Latvian football club

Riga Vanderer (sometimes written as Wanderer, in later years – Rīgas Vilki, also – RV) was a Latvian football club that was founded in 1927, disbanded in 1940, restored a year later and disbanded again in 1944.

==History==

===Founding===

The decision of founding the new sports club was made by Arthur William Macferson, the former consul general of United Kingdom in Latvia after a conflict of interests involving the Latvia national team sportsman in football and bandy Arvīds Jurgens. October 21, 1927 is considered to be the foundation date of the club. The newly founded sports club at first promised to work mostly in raising its own young footballers. However, almost the entire first selection squad of Vanderer in the early years was made up of already known and experienced footballers from other Riga sports clubs. As the majority of the Vanderer footballers in its first squad came from RFK, there started a deep rivalry between these two clubs and several of their matches ended in violence.

===The first match===

Riga Vanderer played its first ever game against Sport Tallinn on May 13, 1928. The following players represented Vander in its first ever official match were: Arvīds Jurgens, Fēlikss Zandbergs, Ādolfs Sīmanis, Blūmentāls, Česlavs Stančiks, Harijs Fogelis, Aleksandrs Ābrams, Emīls Urbāns, Valdis Plade, Aleksejs Andrejevs and Veinbergs. The Tallinn club won the match 3–0.

===Road to the higher league===

As a new club despite it having several national team footballers in the squad Vanderers had to start from the very bottom – that is the level B Riga tournament. In the B class tournament there proved to be no competition for the experienced Vanderers team which won all 8 matches in 1928 A the B class champion Vanderers had to play against the weakest A class side – Amatieris ("Amateur") which also was no competitor for Vanderers and was beat 7–1. A year later Vanderer (with two further former Rīgas FK footballers – Alfons Novickis and Vladimirs Svistuņenko in the squad) won the A class tournament and because the Latvian Higher League was extended, it earned a place there without additional play-off matches.

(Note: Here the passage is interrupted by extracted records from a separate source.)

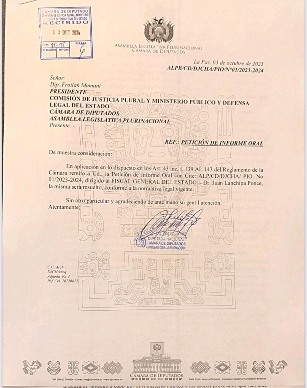 POLÍTICA CITAN AL FISCAL GENERAL JUAN LANCHIPA A LA ASAMBLEA PLURINACIONAL Published 1 año ago on 03/10/2024 By Emilio Ramirez Cámara de diputados cita a la Asamblea Plurinacional al fiscal general Juan Lanchipa, para que brinde un informe oral sobre el proceso en contra de Evo Morales. Comparte esto: Haz clic para compartir en WhatsApp (Se abre en una ventana nueva) WhatsApp Haz clic para compartir en Facebook (Se abre en una ventana nueva) Facebook Haz clic para compartir en X (Se abre en una ventana nueva) X Haz clic para enviar un enlace por correo electrónico a un amigo (Se abre en una ventana nueva) Correo electrónico Haz clic para compartir en Telegram (Se abre en una ventana nueva) Telegram Related Topics:BOLIVIACASOEVO MORALESJUAN LANCHIPA Up Next MORALES DENUNCIA UN OPERATIVO DEL GOBIERNO PARA DETENERLO Y SACARLO DEL PAÍS EN HELICÓPTERO Don't Miss JUEZ PIDE EN PLENA AUDIENCIA GARANTÍAS, DENUNCIÓ QUE ES AMEDRENTADA Emilio Ramirez Continue Reading Advertisement You may like MINISTERIO DE SALUD DESTITUYE A DOS FUNCIONARIAS POR SUPUESTOS ACTOS DE CORRUPCIÓN UCS CONSIGUE APOYO DEL MAS PARA QUE JHONNY FERNÁNDEZ SIGA EJERCIENDO DESDE PALMASOLA DE VÍCTIMA A VICTIMARIA: DENUNCIAN PRESUNTO TRÁFICO DE INFLUENCIAS TRAS AGRESIÓN EN CIUDAD SATÉLITE “FALLAS INUSUALES” EN EL AVIÓN PRESIDENCIAL RETRASAN VIAJE DE RODRIGO PAZ A MIAMI MINISTRO MEDINACELI AFIRMA QUE DORGATHEN FUE ALERTADO EN 2025 SOBRE PROBLEMAS EN LA GASOLINA SANTA CRUZ DEMANDA 2,8 MILLONES DE LITROS DE GASOLINA; YPFB ANUNCIA DESPACHO DE 2 MILLONES Click to comment Leave a Reply Cancelar la respuestaTu dirección de correo electrónico no será publicada. Los campos obligatorios están marcados con *Comentario * Nombre Correo electrónico Web Guarda mi nombre, correo electrónico y web en este navegador para la próxima vez que comente.
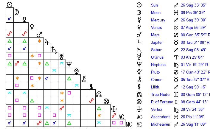 | Sun | 26 Sagittarius 34 | 27 Sagittarius 1 | 4 Aries 34 |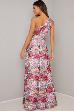 Chi Chi Fae Floral One Shoulder Maxi Dress Pink Multi

===The higher league years===

There was no question whether Vanderer was ready to play in the higher league, as it had enough experienced footballers in the squad, however its top-flight début was even more impressive than most expected – Vanderer finished third in the league, mostly thanks to the tight defensive triangle – Jurgens, Sīmanis and Rūdolfs Kundrāts (the latter had joined Vanderer from LSB Riga).

The 1931 season was less successful but in 1932 Vanderers got the closest to winning the gold of the Latvian league in its history. Despite having lost Arvīds Jurgens to its main rivals ASK Riga (but at the same time it had gained national team forward Alberts Šeibelis from RFK) that year Vanderer finished with the same number of points as ASK. Therefore, a golden match was necessary, and in it ASK proved to be the stronger side by winning 3–1.

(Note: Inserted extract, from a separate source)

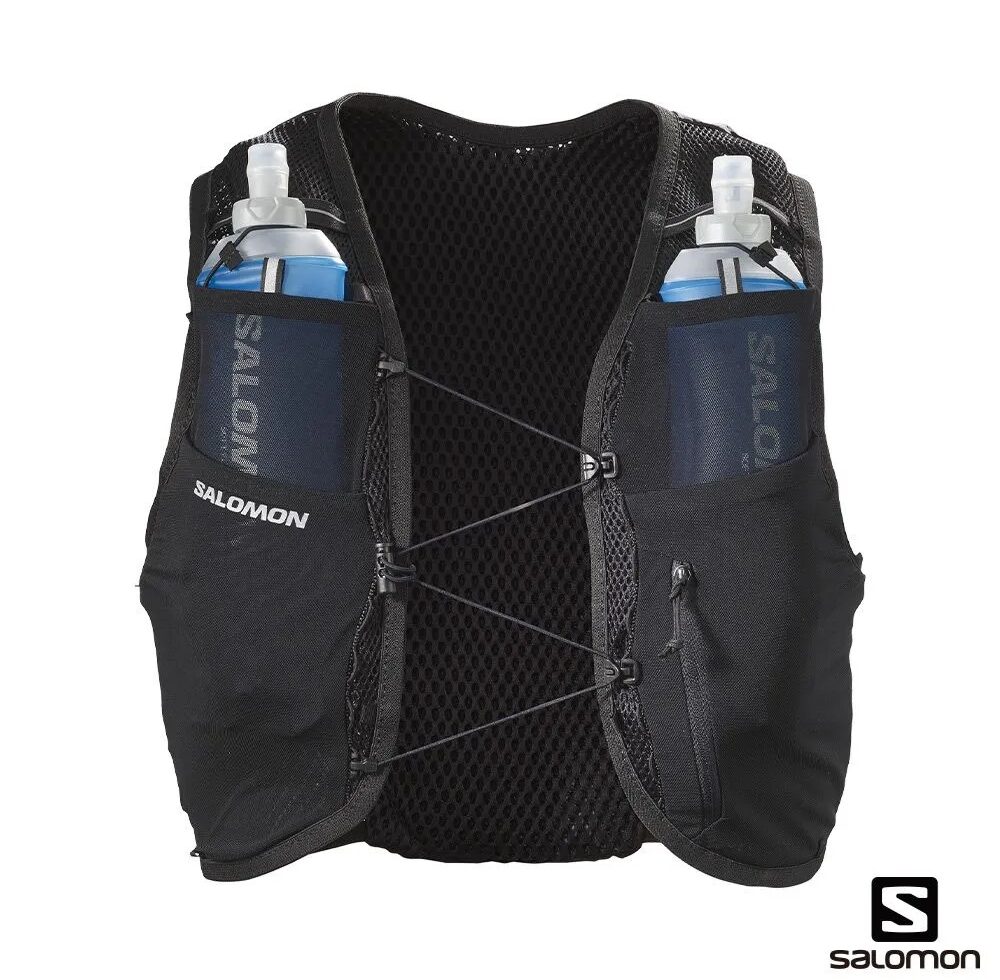 這款高性能的黑色越野背心配有絕佳的舒適度,適用於各種賽事、地形和天候狀況。有防水口袋設計,整體簡約,外觀有流線感,並附有2個水壺,並經過反覆測試,達到最高的穩定性。

Vanderer could not better its 1932 result over the years, yet it repeated the second-place finish in 1934, but the margin between Vanderer and the title winners RFK was big. The next years showed a decline in the league performance for Vanderer that didn't earn any more league medals after 1934. The performance was much better in the cup tournaments. Vanderer reached its first Riga Football Cup final in 1933 where it was beaten by ASK Riga, but the next year it won its first cup and a second victory in the tournament came in 1936 when it was already renamed as the Latvian Cup. However the most important cup victory for Riga Vanderer is considered the one it achieved in 1938 when the Latvian Cup was already a very prestigious tournament in which participated all the best Latvian football clubs. In the autumn of 1938 the club changed its name from the foreign-sounding Vanderer to the Latvian Rīgas Vilki ("Riga Wolves"), in short – RV.

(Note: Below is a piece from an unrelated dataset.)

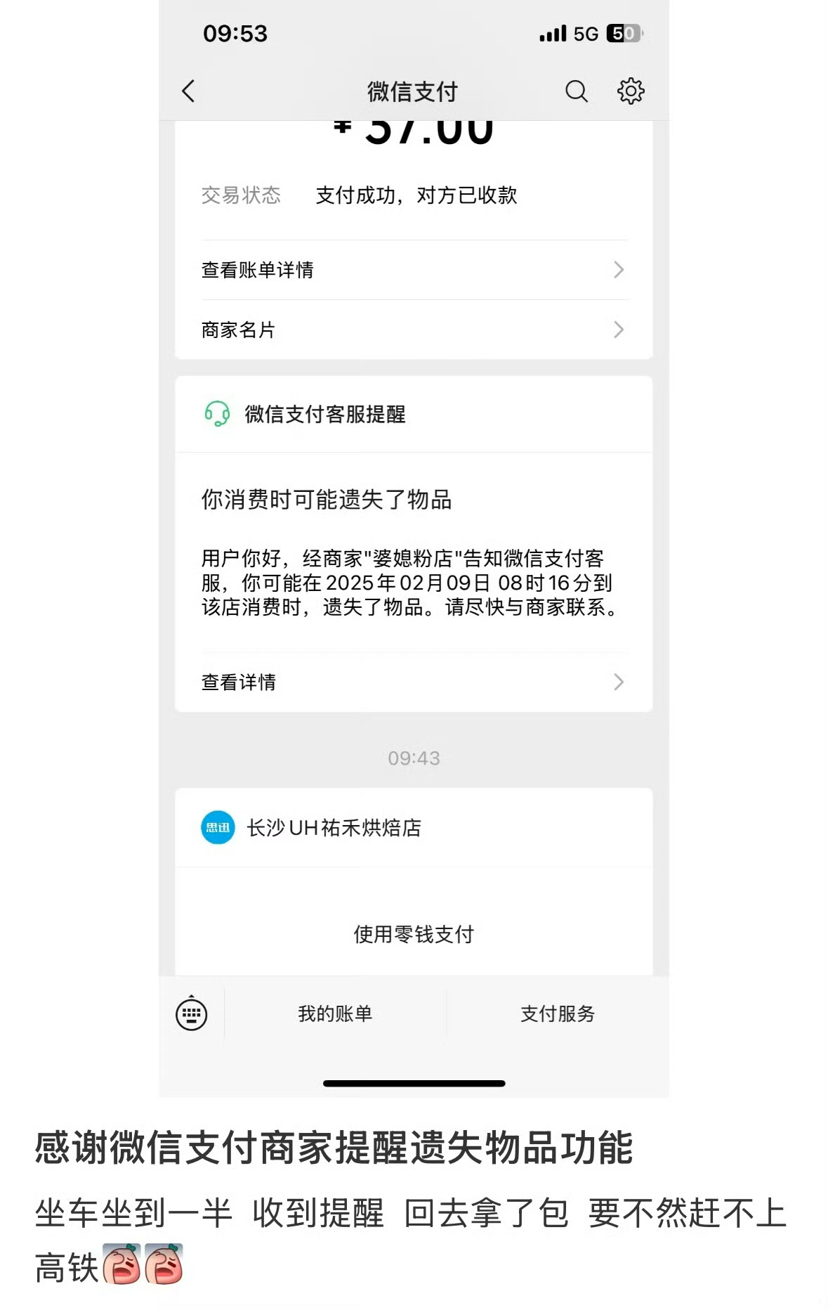 这功能挺实际。扫码付过款,万一落了东西,店家就能通过支付记录发消息找你。对于我这种出门总得回头找手机钥匙的人,真帮大忙了。第一次知道微信支付还有这功能

The main problem for RV for several years in the 1930s was lack of a reliable first choice goalkeeper after Jurgens had left it. Degners, Zakss, Strautmanis, Katlaps, Jūlijs Lindenbergs (a former national team goalkeeper) were tried but none of them proved to be good enough. That changed in 1936 when Jānis Bebris from Union Riga joined the club, thus filling the weakest position in the Vanderer squad. The best goalscorers for RV in the second half of the 1930s were Hugo Vītols and Alfrēds Verners, Hermanis Jēnihs and Alberts Šeibelis (the latter spent a couple years with V. Ķuze before it was disbanded). The most long-lasting member of Vanderer was Ādolfs Sīmanis who played for the club from its very first days until 1940.

===Dissolution===

In 1940 after Latvia was occupied and annexed by the Soviet Union there were major changes in the sports club structure in Latvia and most of the former clubs were disbanded, and RV was one of those. Its footballers joined different newly founded clubs of the Soviet system: RDKA Riga (Jānis Bebris), FK Dinamo Riga (Ādolfs Sīmanis), Spartaks Rīga (Alberts Šeibelis), RGK Riga (Šeino). Meanwhile, several other former RV footballers had repatriated to Germany in 1939, including former national team players Ēriks Brēde and Ēriks Bēze.

===During WW2===

RV was restored in 1941 by the German occupation forces and in 1942 the club competed again in the Riga championship. The restored Vanderer squad contained most of its former stars including Bebris, Šeibelis, Juris Skadiņš and future Daugava Rīga coach Vadims Ulbergs. Only the top four teams from the Riga tournament qualified to play in the Latvian Higher League and RV was the first on the wrong side of the line. RV returned to the higher league in 1943 but it wasn't unable to compete with stronger sides any more. In 1944 when the war interrupted the football tournament RV was in the last place in the Latvian league.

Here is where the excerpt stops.